Will the DEA Reclassify Marijuana?

This is not the first time the DEA has been petitioned to reschedule marijuana. In 1988, DEA administrative law judge Francis Young recommended unscheduling cannabis altogether in response to an activist-group petition. He ruled that "marijuana, in its natural form, is one of the safest therapeutically active substances known to man. By any measure of rational analysis marijuana can be safely used within a supervised routine of medical care."14

The DEA denied the petition, along with a handful of others thereafter. Even when the Institute of Medicine acknowledged marijuana as a substance with medical uses and relatively low potential for abuse, the DEA again denied the resulting petitions, citing a lack of research — research that is being stymied by the nonsensical schedule I classification.
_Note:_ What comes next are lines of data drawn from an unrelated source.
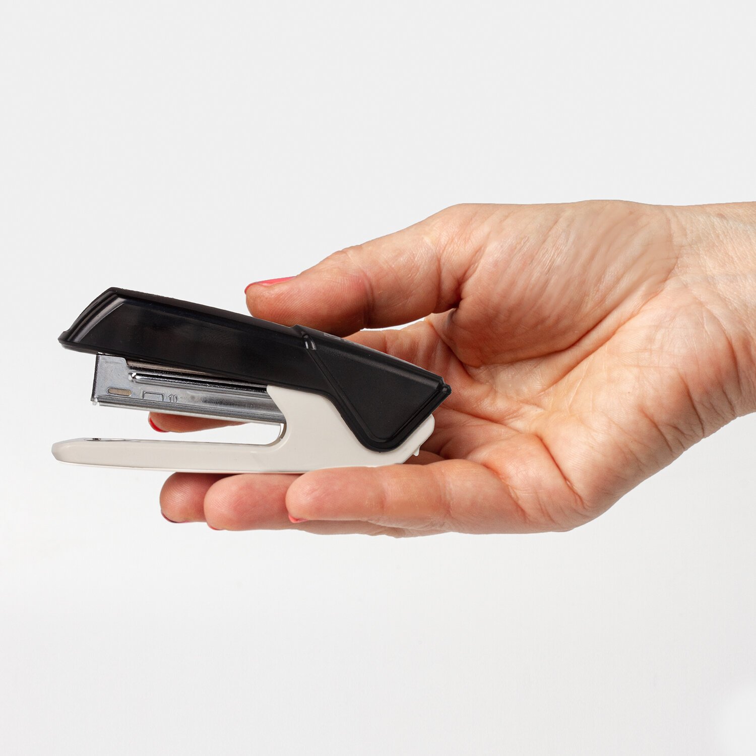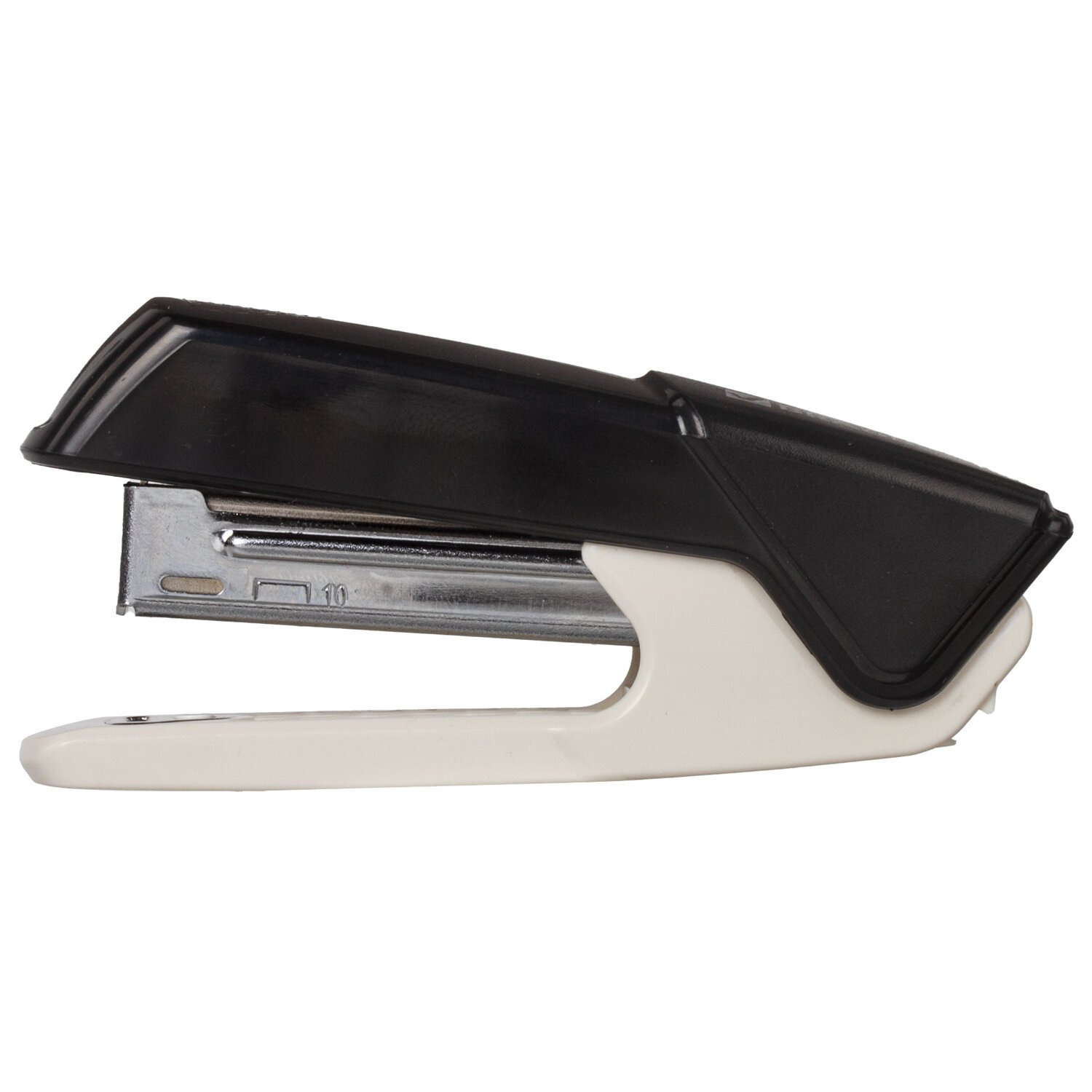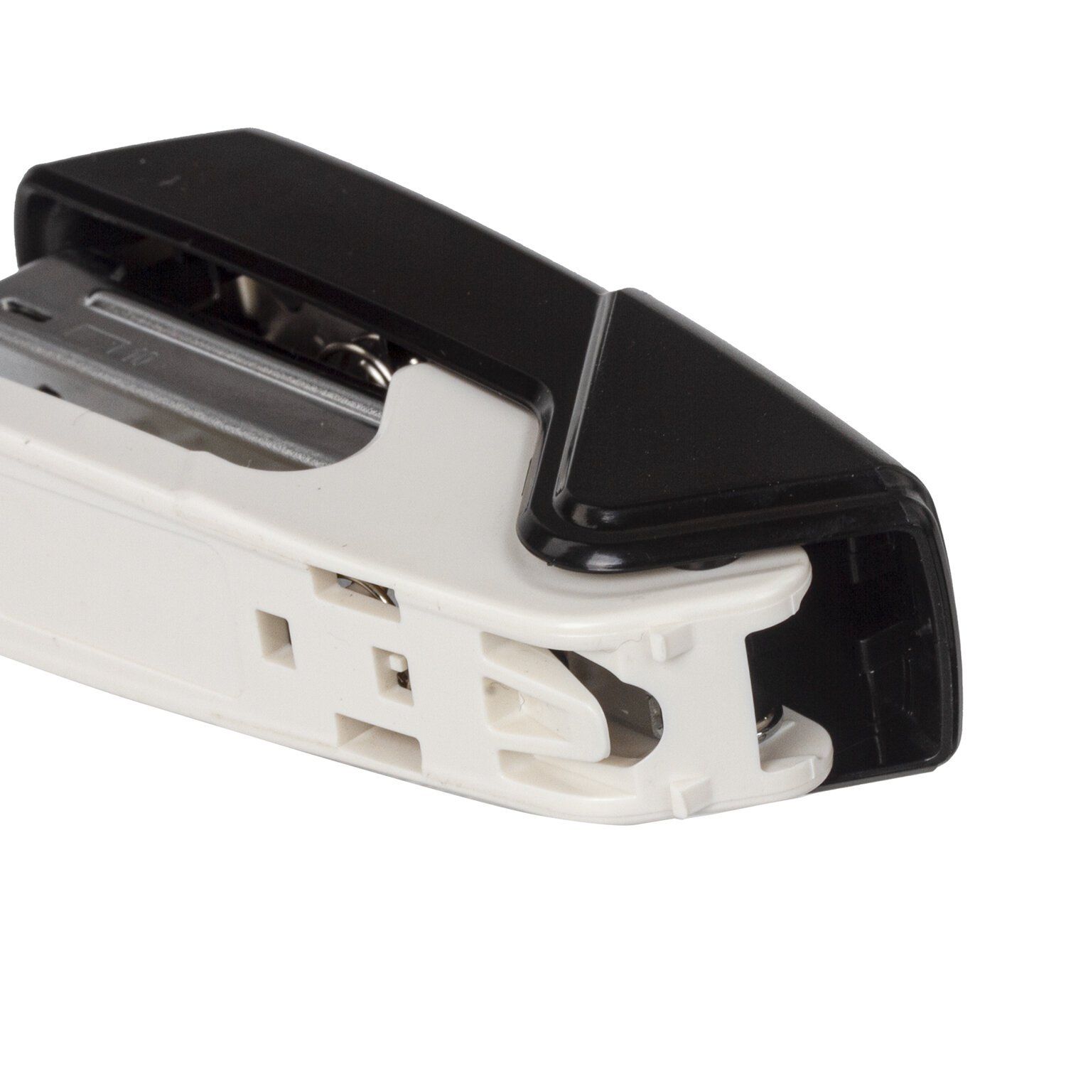 Способен скрепить до 15 листов. Стандартный размер скоб №10. Глубина закладки бумаги - 46 мм. Виды сшивания: закрытый, прямой. Данная модель может выступать в качестве антистеплера, позволяющего разжать закрепленные скобы более качественно, не нанося повреждений ни материалу, ни кончикам пальцев. За счет компактных размеров не займет на рабочем столе много места. Имеет стильный дизайн и комбинированный цвет. Для удобства при использовании присутствует антискользящая ребристая вставка.
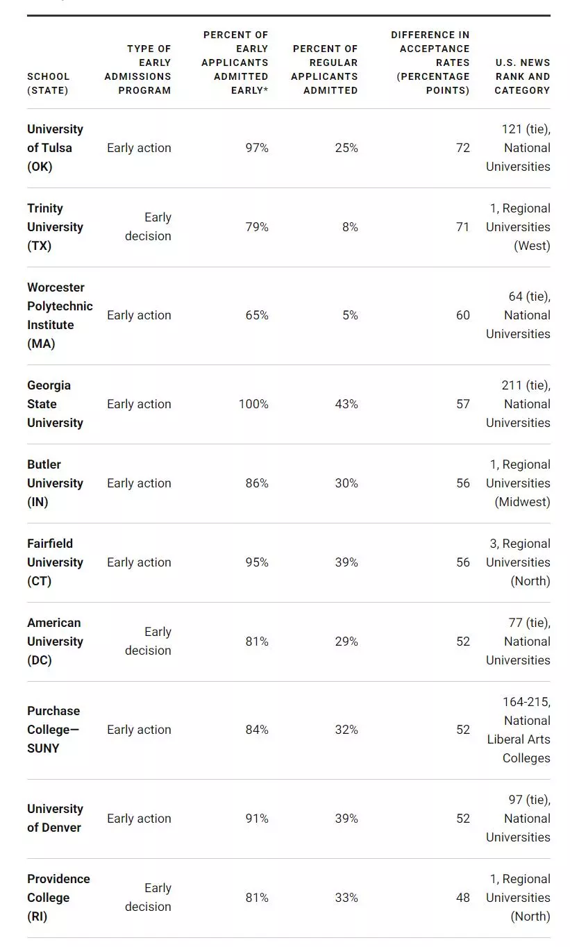 USNews日前就根据2018年度美国各高校的申请数据,筛选出了通过EA/ED申请可能更占优势的10所美国大学
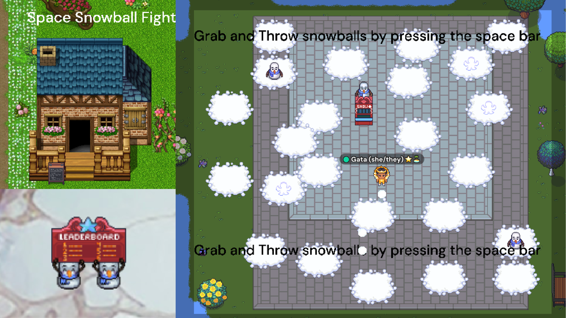 Have you thrown a snowball in Garden? We have two snowball machines, one located in Garden Lobby and another one on the Space Snowball Fight Room via Garden Map. Snowball fights can get pretty competitive since there is scoreboard located in the Space Snowball Fight room on the Garden map. Do you know who is 1st place? Come find out and pick up a snowball while you're here! Be sure to ask for consent before throwing a snowball at someone.
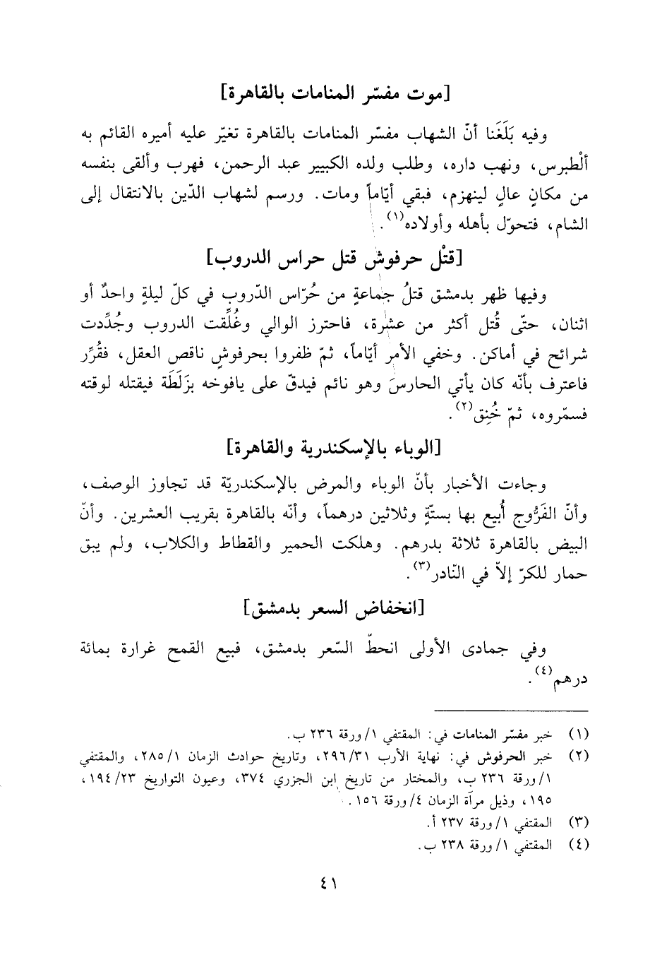 وجاءت الأخبار بأن الوباء والمرض بالإسكندرية قد تجاوز الوصف، وأنّ الفَرُّوج أُبيع بها بستّةٍ وثلاثين درهما، وأنّه بالقاهرة بقريب العشرين. وأن البيض بالقاهرة ثلاثة بدرهم. وهلكت الحمير والقطاط والكلاب، ولم يبق حمار للكرّ إلا فِي النّادر [3] .
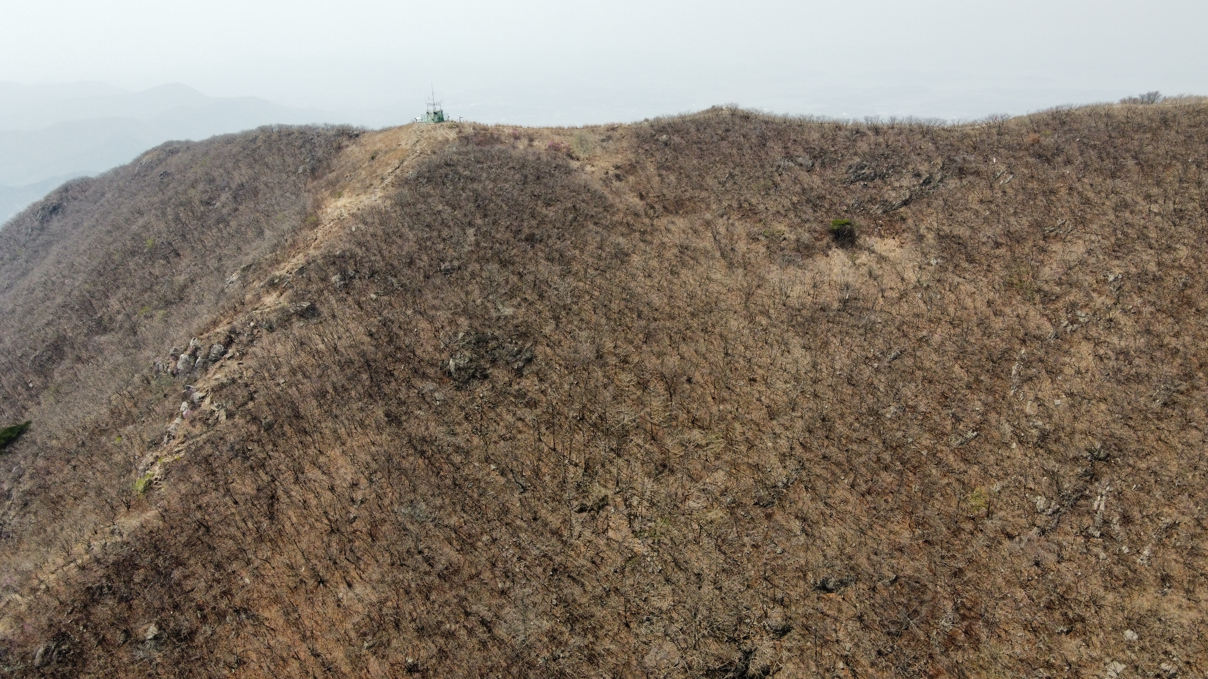 드론을 날려 몇장의 사진을 찍고는 다시 진행하여 휴양림방향으로 내린다.
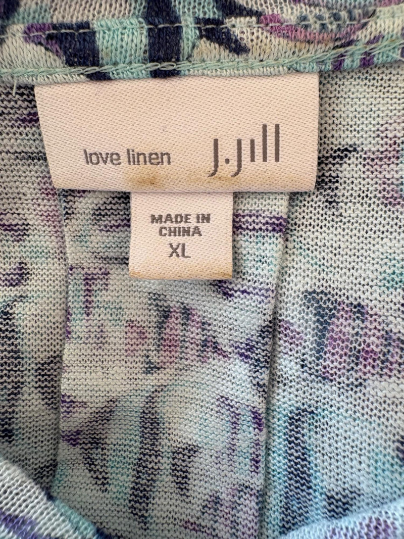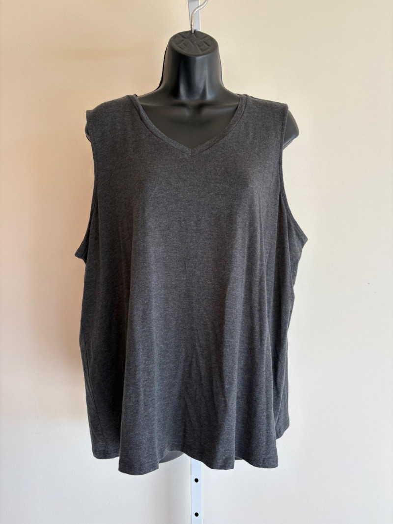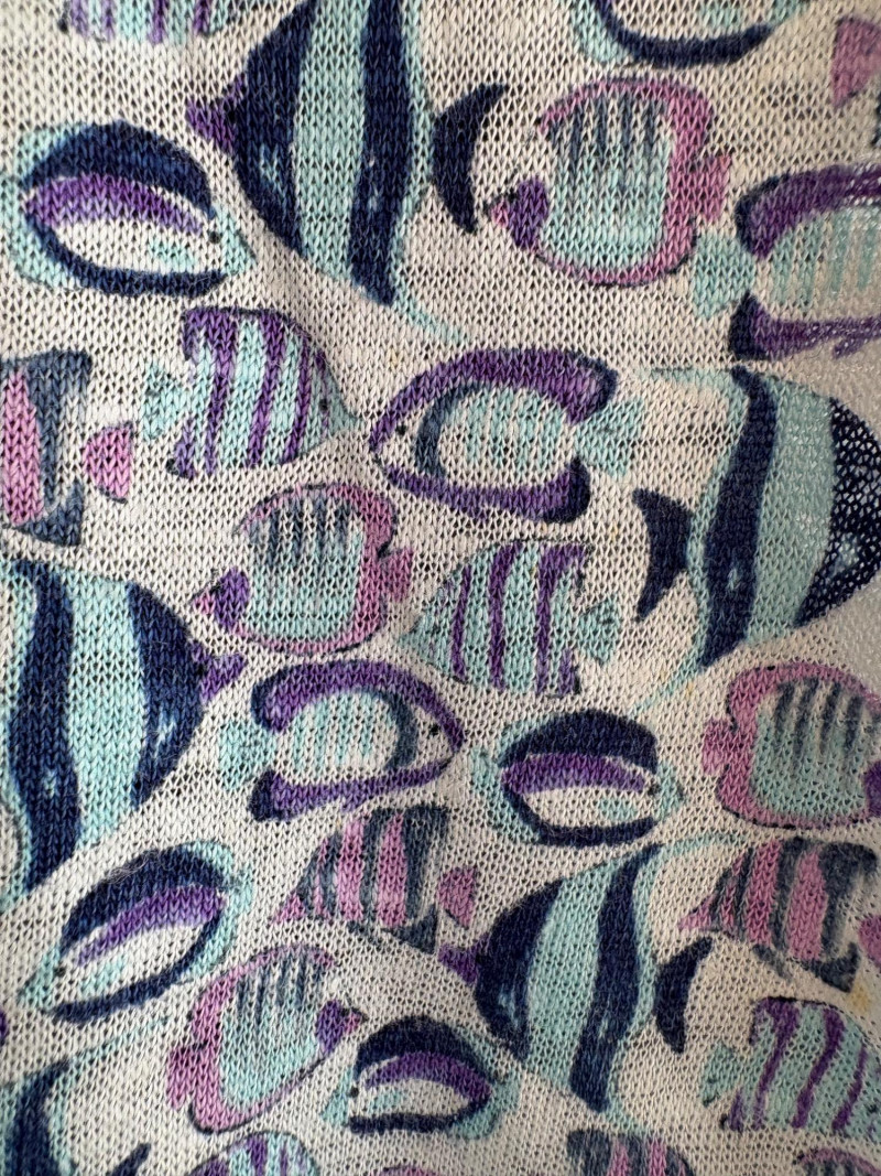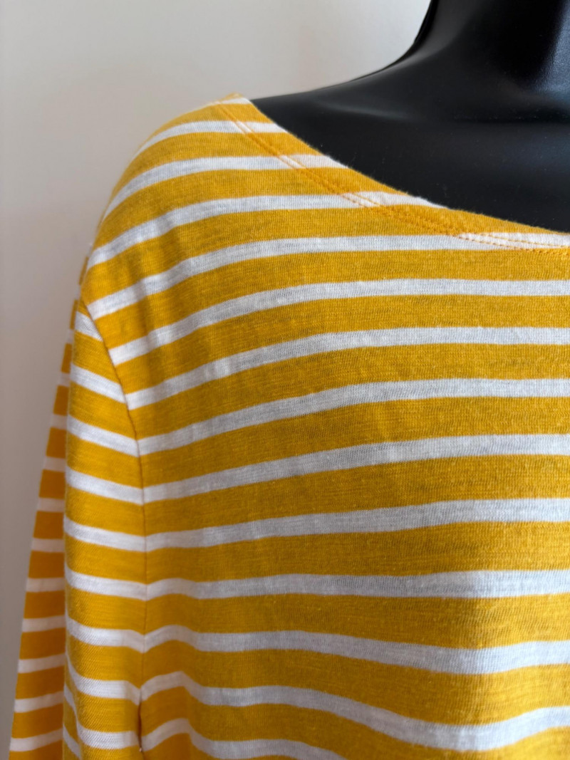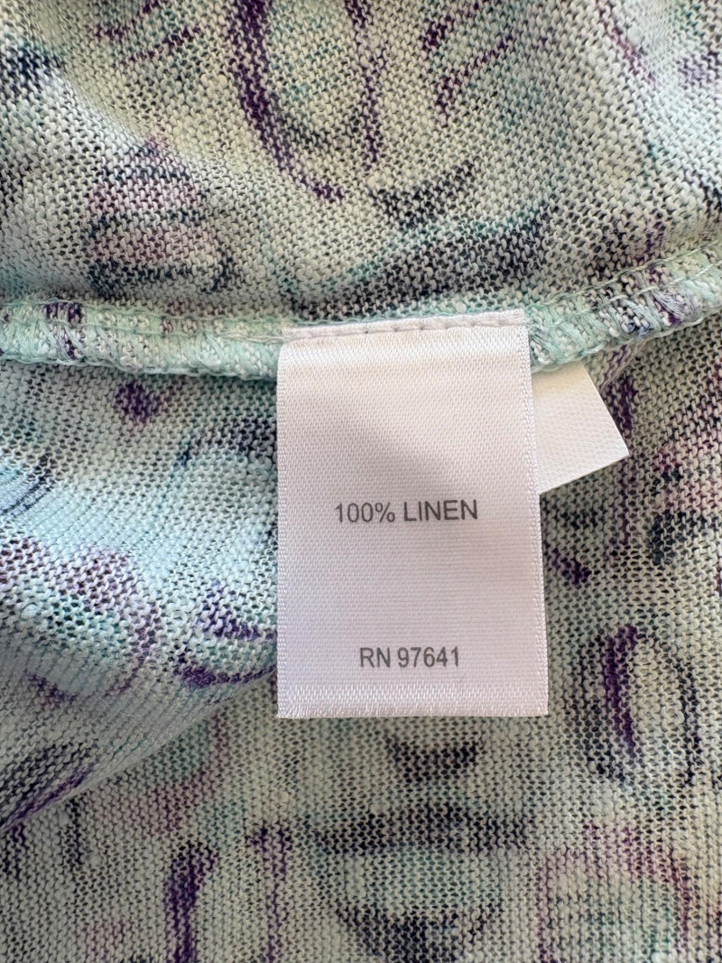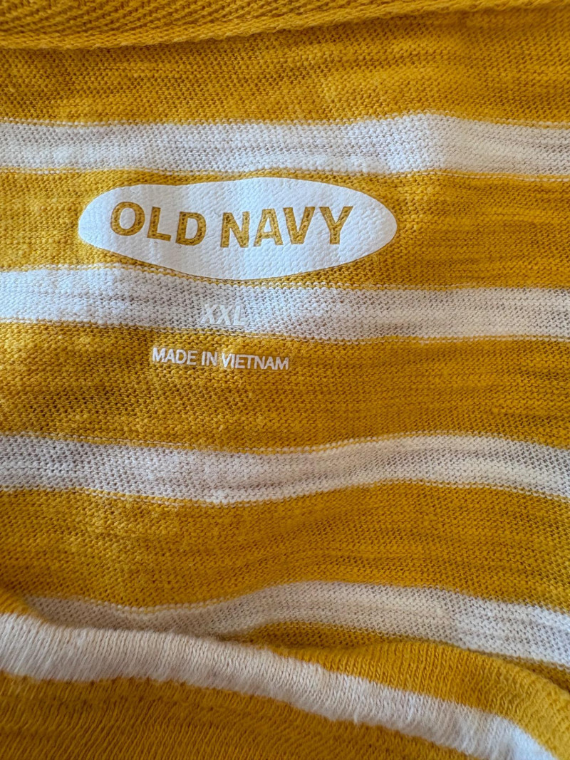 6 summer shirts/light sweaters from various makers. All measure 23.5" pit to pit and are in excellent condition. Yellow & white horizontal stripe shirt from Old Navy has 3.4 sleeves and split hem. 100% cotton. Measures 26" from back neckline to hem. Size tag says XXL. Maroon curved neck classic t-shirt from Athletic with split/lower back hem & back pleat. 62% polyester with 33% rayon and 5% spandex. Measures 28.5" from back neckline to hem. Size tag says XXL (20) Beige and black horizontal striped sweater from Eileen Fisher has curved neck, 3/4 sleeves, and 2 front patch pockets with side access. 100% organic linen. Measures 27" from back neckline to hem. Size tag says L/G. Blue fish print tank shirt from J. Jill has centered back pleat. 100% linen. Measures 26" from back neckline to hem. Size tag says XL. Black, green, and beige textured shirt from French Laundry has round neck and 3/4 sleeves. 83% polyester with 10% nylon and 7% spandex. Measures 24.5" from back neckline to hem. Size tag says XL. Super soft grey sleeveless t-shirt from Eileen Fisher has V-neck and slight flare. 95% Tencel Lyocell with 5% spandex. Measures 24" from back neckline to hem. Size tag says 1X.

It is a remarkable shame, especially when medical marijuana has shown such promise for pain relief and conditions like epilepsy. The Epilepsy Foundation is among the growing number of groups that has called for increased medical marijuana access and research, which could be granted should the DEA finally reschedule the plant.

The fact that marijuana is just that — a plant — is another bone of contention with proponents of legalization. Rather than being rescheduled, The National Organization for the Reform of Marijuana Laws (NORML) believes that marijuana should be descheduled entirely. Jon Kennedy, board of directors spokesperson for North Carolina NORM, told the Daily Tarheel:15

"We believe it should just be treated as any other natural growing plant … The toxicity is very low compared to a lot of pharmaceutical drugs that are used on a regular basis."